"Give me your rose, please, Sally; I don't know just why I want it, but I do. I never could see much sense in fellows wanting to hold on to things like this before."
Sally jumped up suddenly and the little rose fell to the ground.
"Please be careful, Dan, here comes Tante and she may see you. I don't know what she would think."
The girl's movement arrested Mrs. Burton's attention.
She was walking about in the silver night with Senator Graham, whom she had known many years before as a poor boy, with little education, with nearly every handicap, lack of family, of influence and position.
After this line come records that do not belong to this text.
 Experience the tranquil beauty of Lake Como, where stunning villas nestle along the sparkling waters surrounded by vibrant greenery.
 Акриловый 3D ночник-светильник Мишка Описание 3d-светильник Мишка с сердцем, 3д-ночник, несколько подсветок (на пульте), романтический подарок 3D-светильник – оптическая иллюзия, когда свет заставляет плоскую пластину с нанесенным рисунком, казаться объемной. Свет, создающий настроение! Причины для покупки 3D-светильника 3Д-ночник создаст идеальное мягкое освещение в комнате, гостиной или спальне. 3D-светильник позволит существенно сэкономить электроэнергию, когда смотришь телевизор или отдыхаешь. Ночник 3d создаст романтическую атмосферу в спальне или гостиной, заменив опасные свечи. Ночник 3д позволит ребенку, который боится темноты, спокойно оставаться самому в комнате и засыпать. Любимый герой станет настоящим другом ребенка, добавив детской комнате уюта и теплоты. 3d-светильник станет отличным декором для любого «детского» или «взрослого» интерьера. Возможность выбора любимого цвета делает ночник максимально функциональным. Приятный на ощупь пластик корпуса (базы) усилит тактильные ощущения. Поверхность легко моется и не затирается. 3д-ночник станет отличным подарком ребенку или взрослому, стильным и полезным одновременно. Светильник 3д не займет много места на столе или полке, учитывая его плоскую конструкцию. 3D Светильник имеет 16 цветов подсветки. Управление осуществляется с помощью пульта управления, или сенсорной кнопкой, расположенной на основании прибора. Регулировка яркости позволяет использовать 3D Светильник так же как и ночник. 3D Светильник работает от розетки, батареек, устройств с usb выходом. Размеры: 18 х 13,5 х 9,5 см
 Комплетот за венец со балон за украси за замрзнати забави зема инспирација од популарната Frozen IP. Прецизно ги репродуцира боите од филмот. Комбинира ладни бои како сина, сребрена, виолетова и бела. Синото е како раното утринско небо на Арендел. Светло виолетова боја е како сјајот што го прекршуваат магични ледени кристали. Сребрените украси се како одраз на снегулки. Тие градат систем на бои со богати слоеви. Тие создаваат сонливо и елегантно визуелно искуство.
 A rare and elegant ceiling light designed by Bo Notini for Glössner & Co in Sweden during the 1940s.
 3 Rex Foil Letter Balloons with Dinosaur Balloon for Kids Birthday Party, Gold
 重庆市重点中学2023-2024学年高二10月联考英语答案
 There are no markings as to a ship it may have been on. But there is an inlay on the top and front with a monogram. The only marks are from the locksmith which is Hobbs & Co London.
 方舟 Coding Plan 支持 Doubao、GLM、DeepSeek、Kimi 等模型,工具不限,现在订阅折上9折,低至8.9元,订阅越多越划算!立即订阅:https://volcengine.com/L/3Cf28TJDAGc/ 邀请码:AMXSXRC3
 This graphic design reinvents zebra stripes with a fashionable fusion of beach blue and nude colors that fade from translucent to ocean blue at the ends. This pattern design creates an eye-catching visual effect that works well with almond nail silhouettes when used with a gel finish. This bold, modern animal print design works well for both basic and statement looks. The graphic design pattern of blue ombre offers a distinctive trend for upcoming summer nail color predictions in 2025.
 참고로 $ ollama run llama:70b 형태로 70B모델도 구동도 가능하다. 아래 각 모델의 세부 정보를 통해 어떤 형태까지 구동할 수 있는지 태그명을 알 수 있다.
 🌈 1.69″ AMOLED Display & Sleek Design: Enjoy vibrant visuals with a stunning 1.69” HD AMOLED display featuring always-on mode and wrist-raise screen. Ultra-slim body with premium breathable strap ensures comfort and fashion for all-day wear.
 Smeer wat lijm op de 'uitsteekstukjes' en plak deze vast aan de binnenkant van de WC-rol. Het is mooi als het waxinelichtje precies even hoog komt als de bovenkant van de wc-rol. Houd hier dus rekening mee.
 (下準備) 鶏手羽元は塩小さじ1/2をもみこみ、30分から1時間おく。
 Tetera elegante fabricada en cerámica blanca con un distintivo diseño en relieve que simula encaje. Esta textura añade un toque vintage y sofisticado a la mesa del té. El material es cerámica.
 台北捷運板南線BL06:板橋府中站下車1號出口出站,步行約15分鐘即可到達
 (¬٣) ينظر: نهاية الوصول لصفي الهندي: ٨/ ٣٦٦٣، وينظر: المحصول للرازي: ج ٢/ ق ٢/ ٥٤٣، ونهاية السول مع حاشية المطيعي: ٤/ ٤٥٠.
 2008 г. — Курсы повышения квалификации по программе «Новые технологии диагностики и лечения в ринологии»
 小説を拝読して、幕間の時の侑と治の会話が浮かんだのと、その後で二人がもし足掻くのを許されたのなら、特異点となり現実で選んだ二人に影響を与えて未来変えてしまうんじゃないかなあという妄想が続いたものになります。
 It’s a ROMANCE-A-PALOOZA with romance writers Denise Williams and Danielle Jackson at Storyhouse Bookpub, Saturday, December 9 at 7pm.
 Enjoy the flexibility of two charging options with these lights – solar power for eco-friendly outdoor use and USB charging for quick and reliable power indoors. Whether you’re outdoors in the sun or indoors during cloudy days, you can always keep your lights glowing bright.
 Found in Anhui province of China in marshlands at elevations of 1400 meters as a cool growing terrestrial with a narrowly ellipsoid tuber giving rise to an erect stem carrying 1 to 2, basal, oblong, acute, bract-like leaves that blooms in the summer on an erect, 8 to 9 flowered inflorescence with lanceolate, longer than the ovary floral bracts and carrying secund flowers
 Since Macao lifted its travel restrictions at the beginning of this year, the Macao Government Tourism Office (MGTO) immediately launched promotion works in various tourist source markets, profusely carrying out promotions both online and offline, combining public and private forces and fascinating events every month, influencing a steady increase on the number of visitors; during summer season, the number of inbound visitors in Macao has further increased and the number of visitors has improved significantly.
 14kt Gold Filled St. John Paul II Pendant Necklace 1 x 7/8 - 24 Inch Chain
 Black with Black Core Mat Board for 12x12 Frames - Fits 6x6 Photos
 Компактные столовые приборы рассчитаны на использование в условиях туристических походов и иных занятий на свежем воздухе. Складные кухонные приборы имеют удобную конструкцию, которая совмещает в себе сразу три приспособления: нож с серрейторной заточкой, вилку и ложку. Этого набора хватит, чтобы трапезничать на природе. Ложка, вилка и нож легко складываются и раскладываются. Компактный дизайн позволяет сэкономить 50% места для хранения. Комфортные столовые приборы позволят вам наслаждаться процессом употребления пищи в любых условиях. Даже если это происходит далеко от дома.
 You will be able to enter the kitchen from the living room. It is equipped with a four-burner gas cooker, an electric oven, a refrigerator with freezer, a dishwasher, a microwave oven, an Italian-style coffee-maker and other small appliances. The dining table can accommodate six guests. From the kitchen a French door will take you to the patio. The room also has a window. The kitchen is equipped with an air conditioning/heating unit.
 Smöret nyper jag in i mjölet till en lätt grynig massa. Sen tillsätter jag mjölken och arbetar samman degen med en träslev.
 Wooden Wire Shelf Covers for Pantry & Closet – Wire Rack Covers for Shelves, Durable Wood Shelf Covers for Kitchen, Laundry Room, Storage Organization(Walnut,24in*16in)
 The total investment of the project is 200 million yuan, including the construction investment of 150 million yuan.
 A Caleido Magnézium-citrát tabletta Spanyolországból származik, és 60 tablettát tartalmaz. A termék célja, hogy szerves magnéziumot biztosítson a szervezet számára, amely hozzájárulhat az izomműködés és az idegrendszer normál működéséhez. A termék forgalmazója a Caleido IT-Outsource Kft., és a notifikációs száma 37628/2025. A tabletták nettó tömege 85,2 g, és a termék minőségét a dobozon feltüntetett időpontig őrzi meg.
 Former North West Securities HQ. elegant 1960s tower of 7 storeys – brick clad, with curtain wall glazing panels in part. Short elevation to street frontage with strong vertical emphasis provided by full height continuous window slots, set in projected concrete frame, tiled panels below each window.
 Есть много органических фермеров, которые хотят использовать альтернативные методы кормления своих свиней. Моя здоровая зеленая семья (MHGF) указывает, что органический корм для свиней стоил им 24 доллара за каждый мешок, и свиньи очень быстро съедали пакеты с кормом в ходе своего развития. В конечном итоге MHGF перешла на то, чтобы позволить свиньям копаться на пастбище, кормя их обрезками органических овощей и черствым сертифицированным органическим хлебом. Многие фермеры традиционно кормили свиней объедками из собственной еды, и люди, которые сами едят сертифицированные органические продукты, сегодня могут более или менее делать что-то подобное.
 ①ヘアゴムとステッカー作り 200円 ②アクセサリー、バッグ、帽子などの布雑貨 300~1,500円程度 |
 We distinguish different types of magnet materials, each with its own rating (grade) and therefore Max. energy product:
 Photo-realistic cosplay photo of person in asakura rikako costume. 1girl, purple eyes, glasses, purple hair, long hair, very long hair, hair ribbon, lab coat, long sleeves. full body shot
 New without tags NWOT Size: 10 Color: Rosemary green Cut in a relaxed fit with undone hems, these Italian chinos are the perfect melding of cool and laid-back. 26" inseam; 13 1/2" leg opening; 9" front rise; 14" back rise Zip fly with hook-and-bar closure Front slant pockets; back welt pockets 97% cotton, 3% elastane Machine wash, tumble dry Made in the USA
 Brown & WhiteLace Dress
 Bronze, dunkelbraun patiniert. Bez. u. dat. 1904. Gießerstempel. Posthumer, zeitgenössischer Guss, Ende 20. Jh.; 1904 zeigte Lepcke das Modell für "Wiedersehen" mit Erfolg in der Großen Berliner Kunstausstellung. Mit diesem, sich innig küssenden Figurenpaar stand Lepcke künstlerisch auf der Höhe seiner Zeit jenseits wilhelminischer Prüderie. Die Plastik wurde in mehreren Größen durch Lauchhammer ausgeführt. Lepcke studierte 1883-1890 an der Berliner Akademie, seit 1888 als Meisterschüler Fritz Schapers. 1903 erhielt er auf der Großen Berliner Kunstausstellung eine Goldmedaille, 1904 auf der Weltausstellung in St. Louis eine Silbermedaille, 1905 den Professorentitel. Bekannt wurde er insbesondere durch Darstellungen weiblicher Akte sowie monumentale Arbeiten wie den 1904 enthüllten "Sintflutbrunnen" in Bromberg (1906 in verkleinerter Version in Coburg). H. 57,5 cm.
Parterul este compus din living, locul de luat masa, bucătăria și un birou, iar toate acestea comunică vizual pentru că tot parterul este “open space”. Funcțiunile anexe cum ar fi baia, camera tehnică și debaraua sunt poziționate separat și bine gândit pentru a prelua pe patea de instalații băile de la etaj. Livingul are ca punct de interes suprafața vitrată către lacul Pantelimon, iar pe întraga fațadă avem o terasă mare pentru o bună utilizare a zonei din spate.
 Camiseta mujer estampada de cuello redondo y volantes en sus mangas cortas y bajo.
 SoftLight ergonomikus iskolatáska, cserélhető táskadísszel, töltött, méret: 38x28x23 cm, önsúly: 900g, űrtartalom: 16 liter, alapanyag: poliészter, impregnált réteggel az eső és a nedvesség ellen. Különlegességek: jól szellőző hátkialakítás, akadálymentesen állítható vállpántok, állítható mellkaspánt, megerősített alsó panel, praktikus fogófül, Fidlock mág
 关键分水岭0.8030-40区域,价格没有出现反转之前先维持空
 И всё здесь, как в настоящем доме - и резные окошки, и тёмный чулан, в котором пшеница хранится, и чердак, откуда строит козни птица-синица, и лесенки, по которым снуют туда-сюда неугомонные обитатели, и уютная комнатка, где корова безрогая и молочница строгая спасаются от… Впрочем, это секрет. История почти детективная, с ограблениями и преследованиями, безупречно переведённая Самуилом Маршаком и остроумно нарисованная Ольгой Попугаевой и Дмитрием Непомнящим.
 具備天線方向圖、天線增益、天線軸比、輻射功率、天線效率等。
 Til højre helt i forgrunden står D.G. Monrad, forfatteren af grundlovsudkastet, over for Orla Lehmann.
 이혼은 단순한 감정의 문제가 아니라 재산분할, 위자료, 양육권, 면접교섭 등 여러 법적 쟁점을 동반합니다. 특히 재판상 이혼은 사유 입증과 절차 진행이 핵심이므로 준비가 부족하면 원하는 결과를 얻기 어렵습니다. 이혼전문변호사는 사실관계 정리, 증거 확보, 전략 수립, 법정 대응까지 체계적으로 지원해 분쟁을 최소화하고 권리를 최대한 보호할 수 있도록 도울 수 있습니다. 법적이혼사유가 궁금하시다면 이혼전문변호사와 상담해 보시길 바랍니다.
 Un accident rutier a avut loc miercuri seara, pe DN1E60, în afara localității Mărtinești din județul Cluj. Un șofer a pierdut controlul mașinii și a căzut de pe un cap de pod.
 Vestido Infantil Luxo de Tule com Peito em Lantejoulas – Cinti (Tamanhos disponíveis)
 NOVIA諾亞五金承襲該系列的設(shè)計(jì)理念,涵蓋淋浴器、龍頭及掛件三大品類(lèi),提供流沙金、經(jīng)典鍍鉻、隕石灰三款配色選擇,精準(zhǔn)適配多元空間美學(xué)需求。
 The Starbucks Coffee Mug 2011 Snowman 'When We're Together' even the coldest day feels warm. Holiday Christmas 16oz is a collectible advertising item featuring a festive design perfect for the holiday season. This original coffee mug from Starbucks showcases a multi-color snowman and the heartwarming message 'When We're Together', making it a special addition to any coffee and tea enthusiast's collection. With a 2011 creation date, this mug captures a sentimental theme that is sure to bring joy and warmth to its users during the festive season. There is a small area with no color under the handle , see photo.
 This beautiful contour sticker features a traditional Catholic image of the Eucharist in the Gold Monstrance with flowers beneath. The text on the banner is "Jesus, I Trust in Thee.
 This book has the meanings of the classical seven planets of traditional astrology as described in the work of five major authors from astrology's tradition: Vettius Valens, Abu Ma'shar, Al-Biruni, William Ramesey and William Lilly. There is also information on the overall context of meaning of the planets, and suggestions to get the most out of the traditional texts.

He was now one of the distinguished men of the country.
"Is that you, Sally and Dan? May I speak to you? Anthony, go back to Betty and see that she rests for a few moments, she is the most tireless hostess in the world! Sally and Dan will escort me to the house if I am not able to walk the few yards alone. And will you tell Betty that if I disappear I have gone up to my own room. I shall listen to the music until the dancing ends and then go to bed. The boat goes back at midnight, so I suppose the dancing can't last much longer."
Mrs. Burton sat down in the hammock between Sally and Dan, slipping a hand into each of theirs.
Dan Webster was her nephew, the son of her twin sister and of the man who had been under the impression that he cared for her before his discovery that they were entirely unsuited, and that the sister, who was her opposite in everything save her personal appearance, was the real love of his life.[*]
[*] See "Camp Fire Girls Amid the Snows."
Sally Ashton was the daughter of two friends of her girlhood.